Dartmoor Clayscapes

13 June - 6 July 2025

Empathic Journeys through Clay

Curated by Vashti Cassinelli

Dartmoor Clayscapes: Empathic Journeys through Clay is a programme of arts featuring Iman Datoo, Arabel Lebrusan and Florence Peake that engages with the materiality of clay ‘kinaesthetically’ or through tactile learning. The programme, held at Southcombe Barn, Widecombe-in-the-Moor, comprises workshops, interactive performance and film to reflect on contemporary issues such as migration and ecological crisis, supporting the development of empathic responses to both human and more-than-human forms of life.

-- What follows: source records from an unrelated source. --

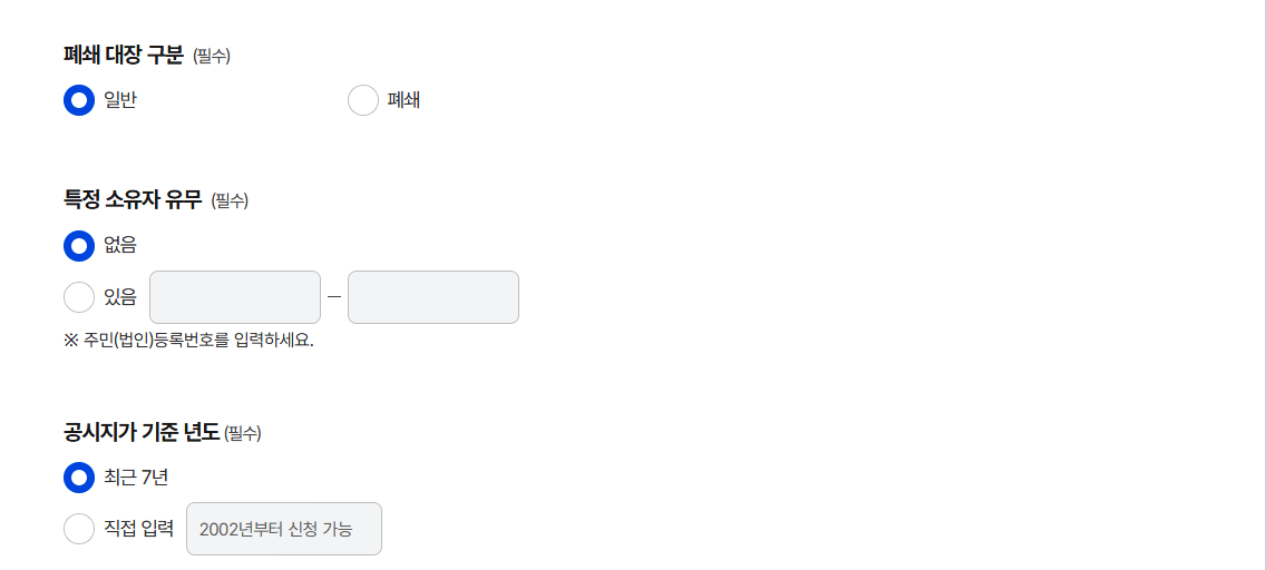 특정 소유자 : 공동 소유의 경우 특정 소유자만 포함될 때 선택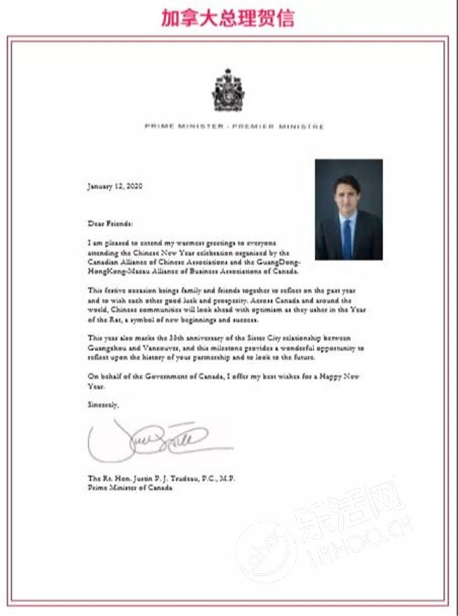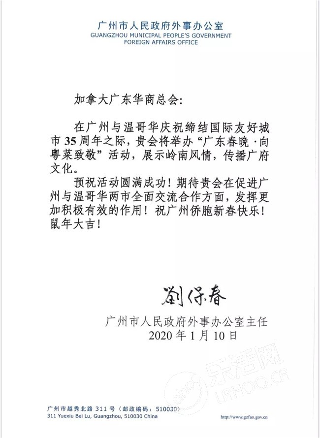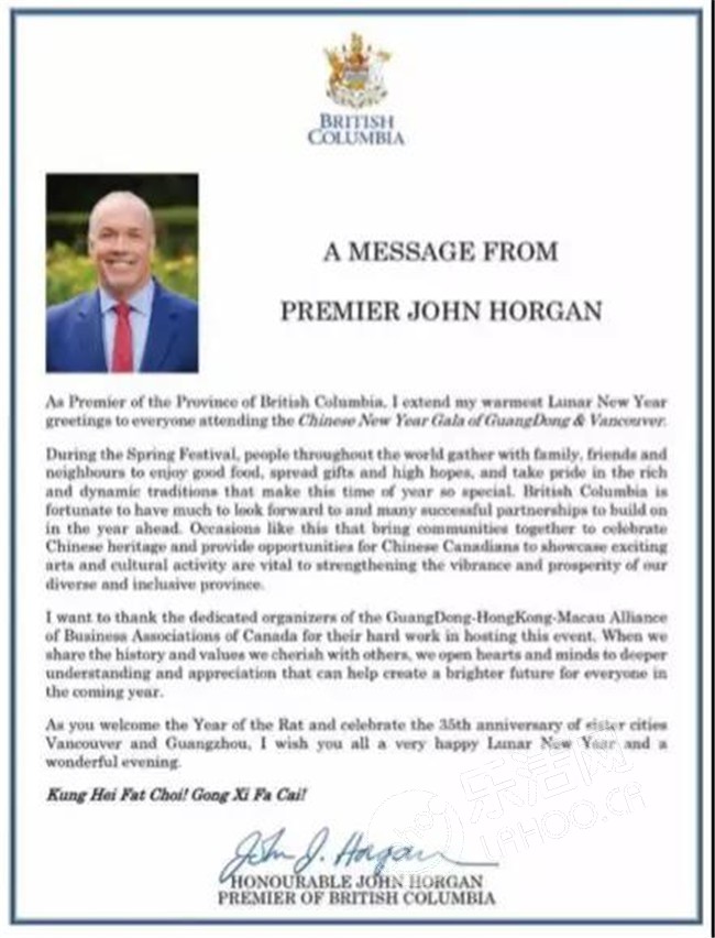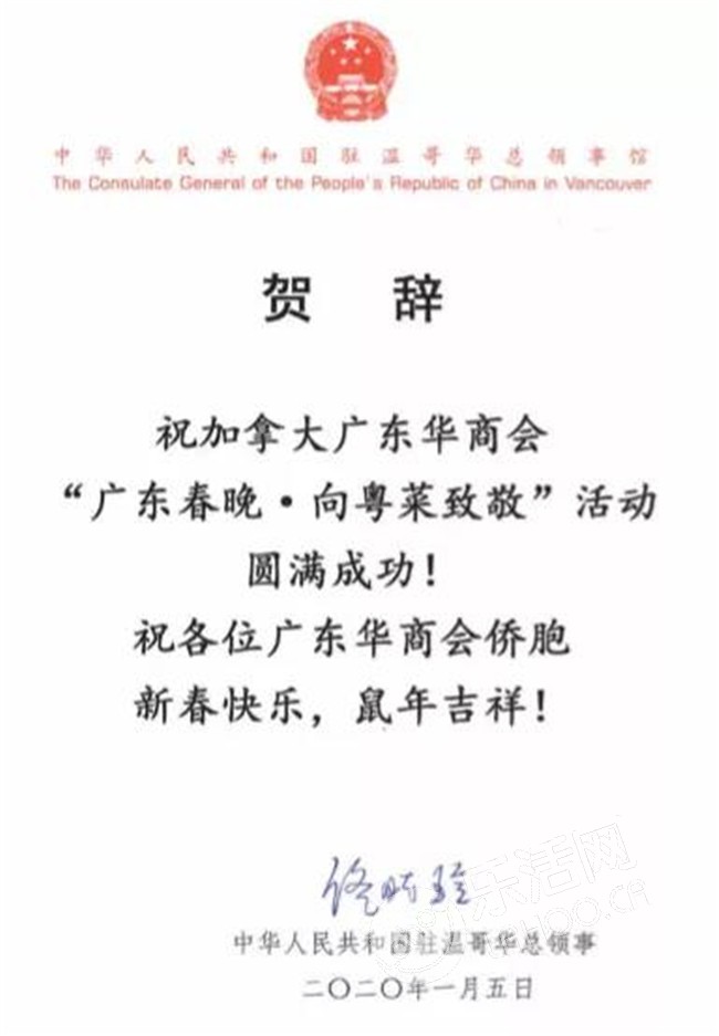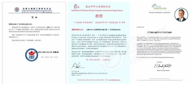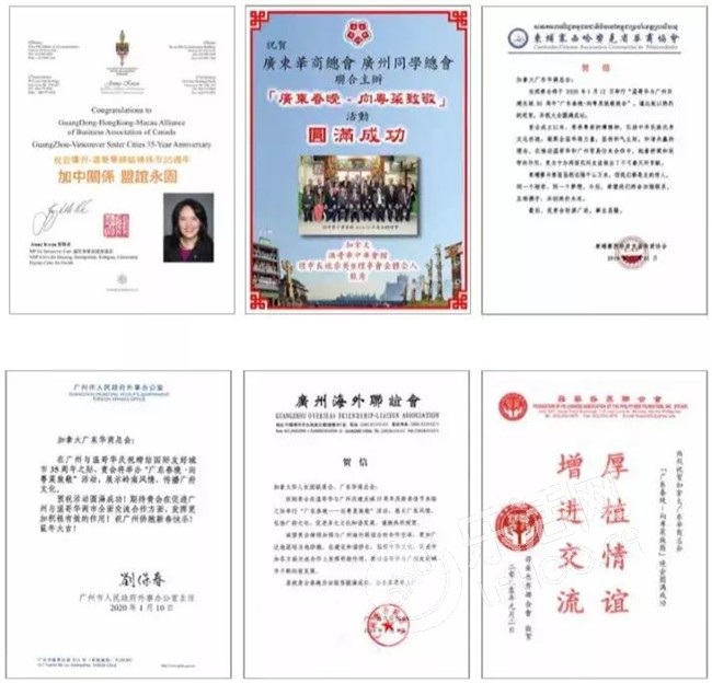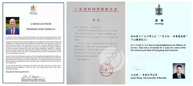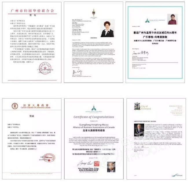 由加拿大广东华商总会主办的广东春晚活动,为促进中加文化交流,加拿大总理杜鲁多、中华人民共和国总领馆、加拿大BC省省长、广州市人民政府外事办、广东省侨联、广州市侨联等中加政府机构及友好社团,发来贺电。感谢您对广东华商总会的支持!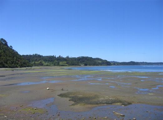 This is the coast in Liucura, a small town in Lemuy island (part of the Chiloe archipelago). At this time it was low tide; in this region the tide can go up and down several meters throughout the day.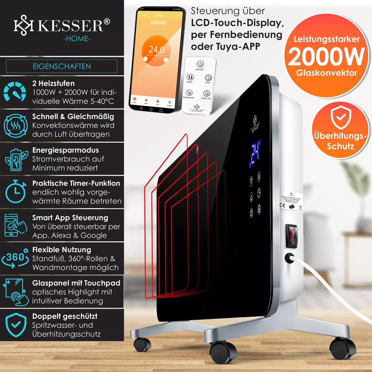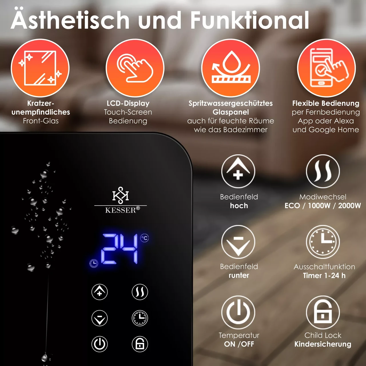 Завдяки компактній конструкції та можливості транспортування, тепловентилятор від KESSER можна легко налаштувати. Скляна панель захищена від бризок, тому настінний обігрівач також можна встановлювати у вологих приміщеннях.
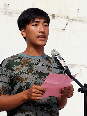 方队风采(图:陈晨) 男子军体拳表演(图:陈晨) 女子军体拳表演(图:杨明凯) 王少鹏赠送锦旗(图:岳增莹) 表彰(图:岳增莹) 苏同营讲话(图:岳增莹) 刘锋宣读表彰名单(图:岳增莹) 黄德杰主持(图:岳增莹) 新生代表任传儒发言(图:陈晨) 新生代表孙梦琪发言(图:岳增莹) 急救演习(图:陈晨) 消防演习(图:陈晨)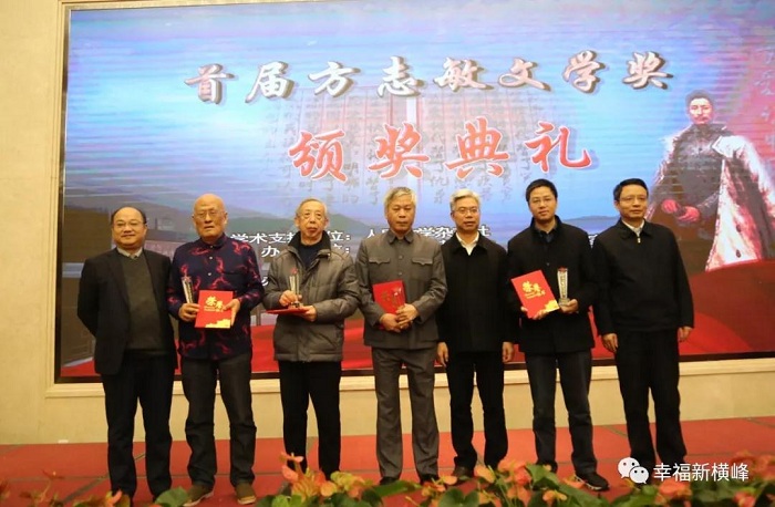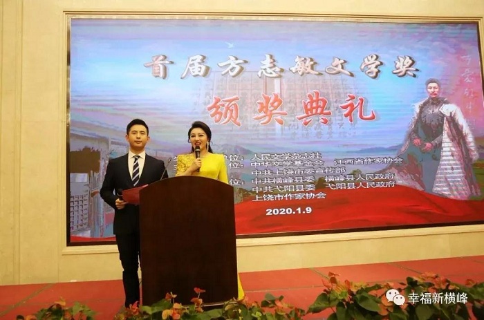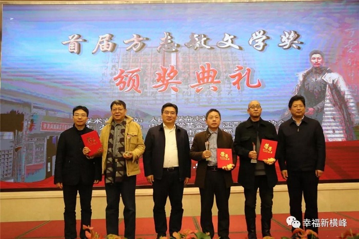 1月9日,由《人民文學(xué)》雜志社作為學(xué)術(shù)指導(dǎo)單位,中華文學(xué)基金會(huì)、江西省作家協(xié)會(huì)、中共上饒市委宣傳部主辦,上饒市橫峰縣、弋陽(yáng)縣以及上饒市作家協(xié)會(huì)承辦的首屆方志敏文學(xué)獎(jiǎng)?lì)C獎(jiǎng)典禮在南昌前湖酒店舉行。方志敏烈士之女方梅等方志敏親屬及其生前戰(zhàn)友子女代表,《人民文學(xué)》主編施戰(zhàn)軍,江西省委宣傳部副部長(zhǎng)黎隆武,上饒市委常委、宣傳部部長(zhǎng)丁曉勝,橫峰縣委書記饒清華,弋陽(yáng)縣委書記謝柏清等領(lǐng)導(dǎo)出席頒獎(jiǎng)典禮。江西省、市、縣相關(guān)部門負(fù)責(zé)人及中央、省、市、縣媒體記者,紅色文學(xué)愛好者,共計(jì)200余人參加頒獎(jiǎng)典禮。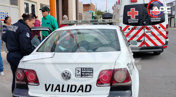 Cd. Delicias, Chih.- Un accidente vial se registró este jueves en el cruce de la avenida Río Florido con avenida Octava y calle Quinta Poniente, donde se vieron involucrados un automóvil Volkswagen Jetta color blanco y una motocicleta.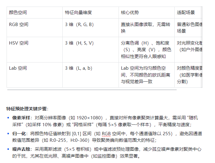 - 层次聚类算法:虽能生成聚类树,但内存消耗大,无法处理百万像素级图像,工程实用性低。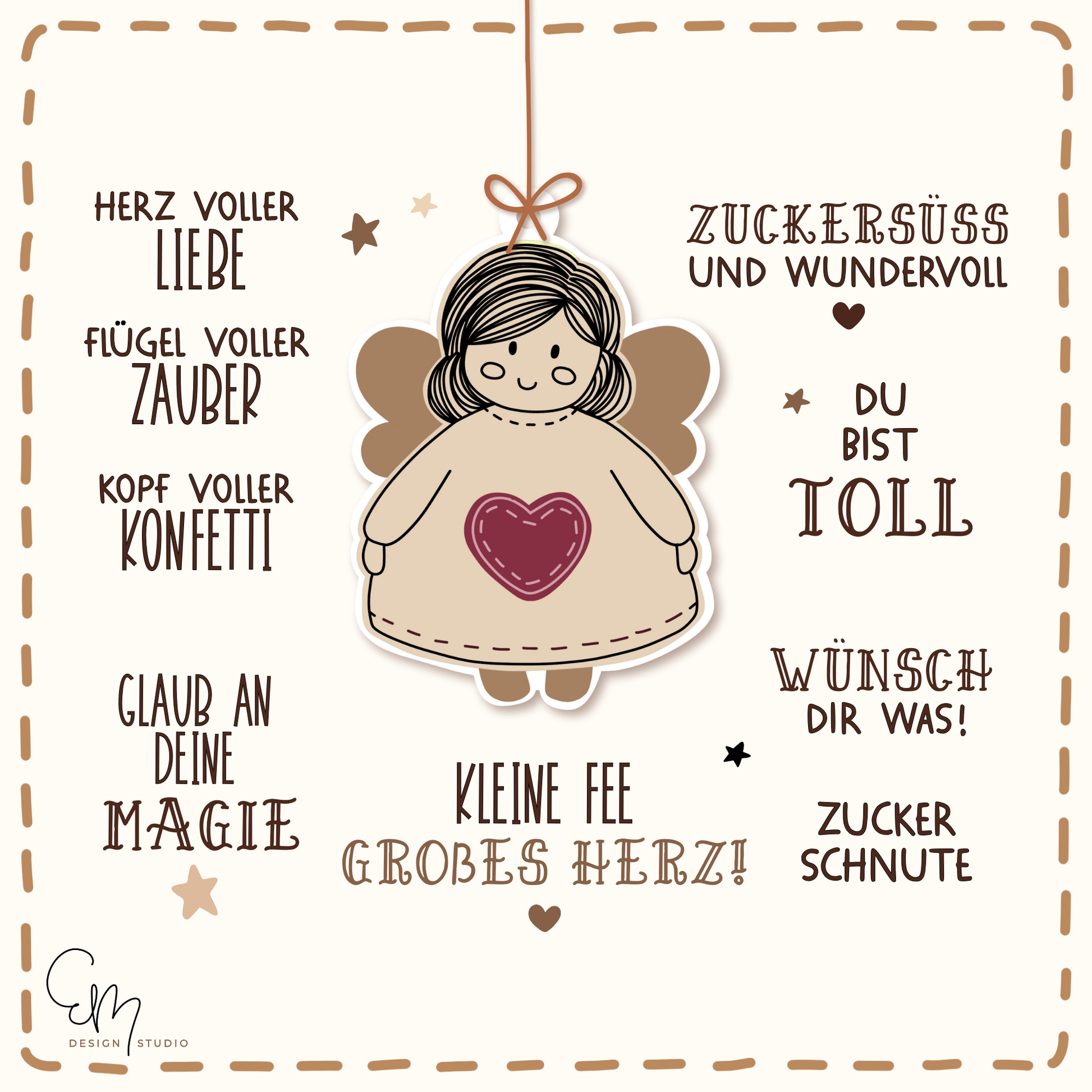 • passende Schriftzüge wie z. B. „Herz voller Liebe“, „Zuckersüß & wundervoll“, „Glaub an deine Magie“ und mehr

Like the Cornubian granite batholith that forms much of the peninsula of South West England, Dartmoor’s clay landscape has evolved over millennia by a process of attrition and sedimentation. Clay, therefore, can be seen as a geological manifestation of the planet’s deep-time history. Dartmoor Clayscapes explores continuums of space and time using this wider lens on the material as a framework for reflecting on contemporary socio-political questions. 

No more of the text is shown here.